_WHAT THE TASK ASKS:_
Would you retype exactly the lines below, starting with the one that has "Comme le disait" and going on through the one that has "Планировка на 3", with no pictures and nothing else?

_PROVIDED DATA:_
Start of Block

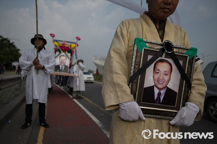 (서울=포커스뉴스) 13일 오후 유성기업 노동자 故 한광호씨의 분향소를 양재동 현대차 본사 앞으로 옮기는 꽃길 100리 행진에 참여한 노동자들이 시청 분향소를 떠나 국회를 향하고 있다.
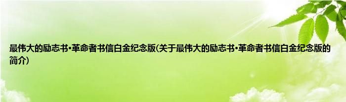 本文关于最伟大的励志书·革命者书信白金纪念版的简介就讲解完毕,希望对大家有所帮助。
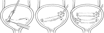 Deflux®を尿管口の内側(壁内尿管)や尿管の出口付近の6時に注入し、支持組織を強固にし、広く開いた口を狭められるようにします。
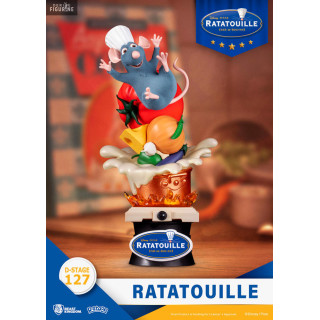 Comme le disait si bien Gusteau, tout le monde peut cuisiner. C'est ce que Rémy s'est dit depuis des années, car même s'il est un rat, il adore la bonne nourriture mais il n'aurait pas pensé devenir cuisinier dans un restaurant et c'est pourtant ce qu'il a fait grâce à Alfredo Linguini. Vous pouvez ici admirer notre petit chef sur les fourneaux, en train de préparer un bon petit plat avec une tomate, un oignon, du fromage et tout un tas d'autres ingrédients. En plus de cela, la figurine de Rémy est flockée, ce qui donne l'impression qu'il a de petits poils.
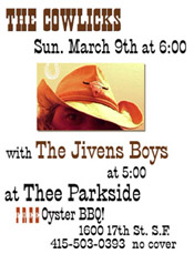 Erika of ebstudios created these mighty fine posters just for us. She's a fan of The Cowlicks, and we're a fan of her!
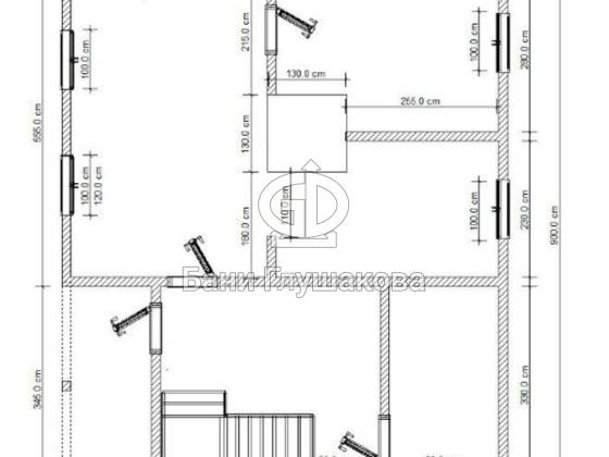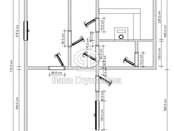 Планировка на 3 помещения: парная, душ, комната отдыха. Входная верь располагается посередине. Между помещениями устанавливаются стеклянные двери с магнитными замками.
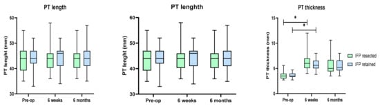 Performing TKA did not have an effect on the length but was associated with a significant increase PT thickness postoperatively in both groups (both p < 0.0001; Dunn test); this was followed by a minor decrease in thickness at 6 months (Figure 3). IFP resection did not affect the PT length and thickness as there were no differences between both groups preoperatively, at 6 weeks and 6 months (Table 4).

End of Block
Start of Block

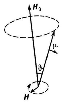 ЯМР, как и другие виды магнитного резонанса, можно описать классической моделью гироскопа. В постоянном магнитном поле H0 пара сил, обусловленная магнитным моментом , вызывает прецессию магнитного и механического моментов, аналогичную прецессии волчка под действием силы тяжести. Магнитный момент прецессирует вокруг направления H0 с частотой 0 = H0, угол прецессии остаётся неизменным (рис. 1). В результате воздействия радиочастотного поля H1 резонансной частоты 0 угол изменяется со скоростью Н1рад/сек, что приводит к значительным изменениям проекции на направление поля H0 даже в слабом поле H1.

End of Block
Start of Block

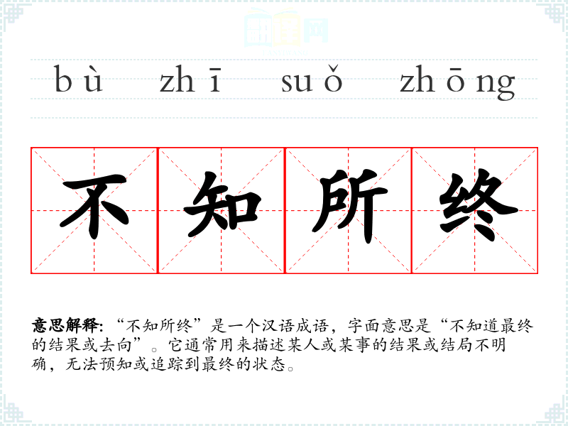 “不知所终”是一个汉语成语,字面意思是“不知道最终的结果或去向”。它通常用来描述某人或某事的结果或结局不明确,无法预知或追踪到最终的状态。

End of Block

_RESPONSE TO THE TASK:_
 Comme le disait si bien Gusteau, tout le monde peut cuisiner. C'est ce que Rémy s'est dit depuis des années, car même s'il est un rat, il adore la bonne nourriture mais il n'aurait pas pensé devenir cuisinier dans un restaurant et c'est pourtant ce qu'il a fait grâce à Alfredo Linguini. Vous pouvez ici admirer notre petit chef sur les fourneaux, en train de préparer un bon petit plat avec une tomate, un oignon, du fromage et tout un tas d'autres ingrédients. En plus de cela, la figurine de Rémy est flockée, ce qui donne l'impression qu'il a de petits poils.
 Erika of ebstudios created these mighty fine posters just for us. She's a fan of The Cowlicks, and we're a fan of her!
 Планировка на 3 помещения: парная, душ, комната отдыха. Входная верь располагается посередине. Между помещениями устанавливаются стеклянные двери с магнитными замками.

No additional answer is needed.